**EXERCISE GOAL:** Word for word, retype the lines from the one containing "Инструмент REXANT HT-3141" to the one containing "Koop de foto" below, keeping both end lines and dropping the pictures.

MATERIAL FOR THIS EXERCISE Start Marker

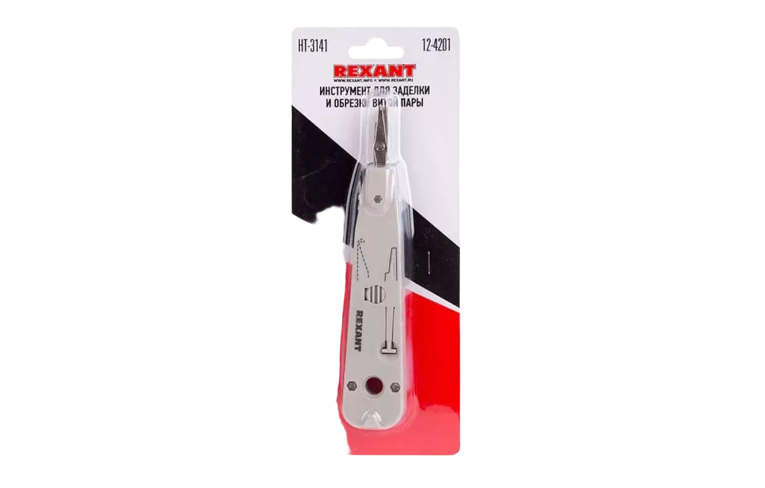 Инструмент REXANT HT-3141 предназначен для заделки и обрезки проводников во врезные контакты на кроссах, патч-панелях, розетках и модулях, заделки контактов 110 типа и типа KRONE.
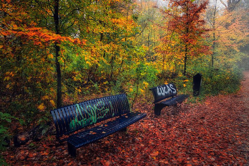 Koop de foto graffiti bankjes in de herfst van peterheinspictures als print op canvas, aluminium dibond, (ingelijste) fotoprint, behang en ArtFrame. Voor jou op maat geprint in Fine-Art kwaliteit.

MATERIAL FOR THIS EXERCISE End Marker
MATERIAL FOR THIS EXERCISE Start Marker

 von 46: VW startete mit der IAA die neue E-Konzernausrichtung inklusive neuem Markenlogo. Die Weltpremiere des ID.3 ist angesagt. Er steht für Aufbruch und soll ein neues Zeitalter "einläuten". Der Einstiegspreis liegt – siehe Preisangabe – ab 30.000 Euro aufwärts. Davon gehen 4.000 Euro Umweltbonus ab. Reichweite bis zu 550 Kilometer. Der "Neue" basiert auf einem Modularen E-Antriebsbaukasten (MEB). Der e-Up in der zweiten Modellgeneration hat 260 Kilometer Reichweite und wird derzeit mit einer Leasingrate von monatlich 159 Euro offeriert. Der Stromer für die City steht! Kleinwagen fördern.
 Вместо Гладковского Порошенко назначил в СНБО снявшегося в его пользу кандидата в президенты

MATERIAL FOR THIS EXERCISE End Marker
MATERIAL FOR THIS EXERCISE Start Marker

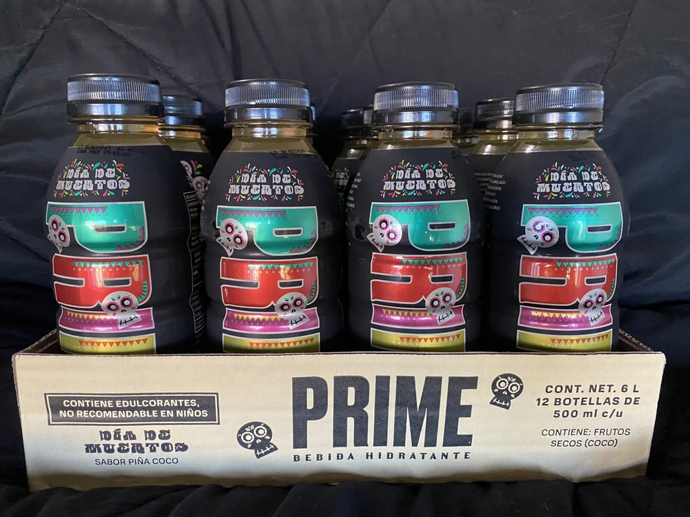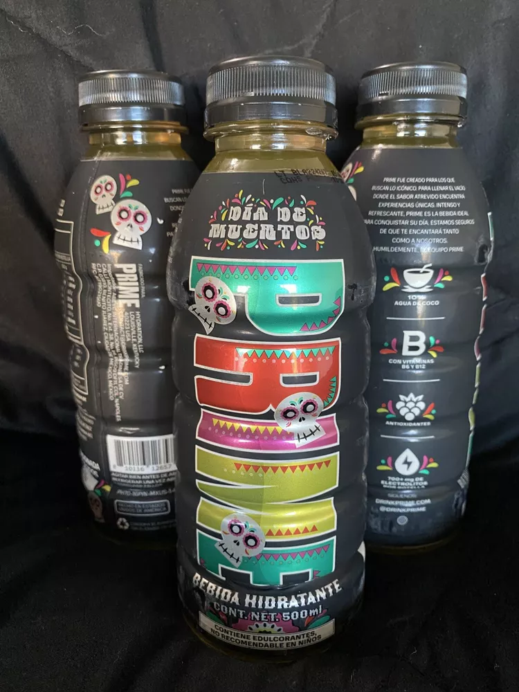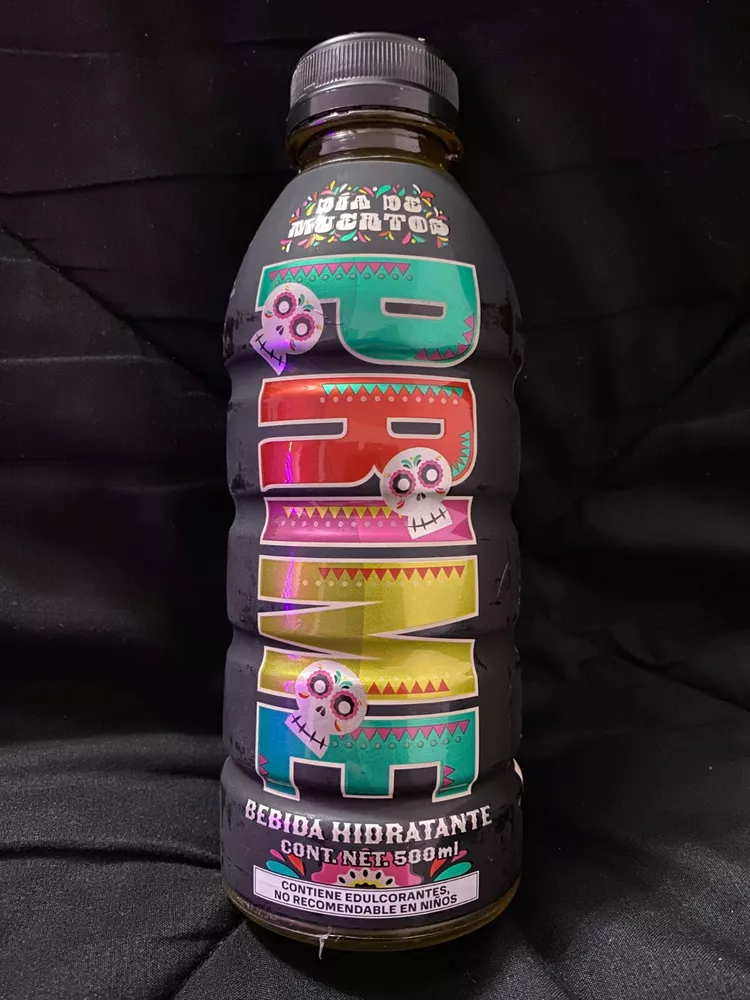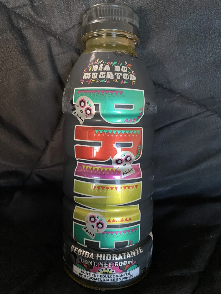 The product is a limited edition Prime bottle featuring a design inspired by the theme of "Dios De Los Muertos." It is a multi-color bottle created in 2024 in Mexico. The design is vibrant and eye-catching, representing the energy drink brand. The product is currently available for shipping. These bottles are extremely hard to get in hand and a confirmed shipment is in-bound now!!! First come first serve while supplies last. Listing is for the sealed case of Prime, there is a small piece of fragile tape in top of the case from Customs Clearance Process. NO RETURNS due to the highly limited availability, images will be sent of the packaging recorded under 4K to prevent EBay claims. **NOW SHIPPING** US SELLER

MATERIAL FOR THIS EXERCISE End Marker

**RESULT BELOW:**
 Инструмент REXANT HT-3141 предназначен для заделки и обрезки проводников во врезные контакты на кроссах, патч-панелях, розетках и модулях, заделки контактов 110 типа и типа KRONE.
 Koop de foto graffiti bankjes in de herfst van peterheinspictures als print op canvas, aluminium dibond, (ingelijste) fotoprint, behang en ArtFrame. Voor jou op maat geprint in Fine-Art kwaliteit.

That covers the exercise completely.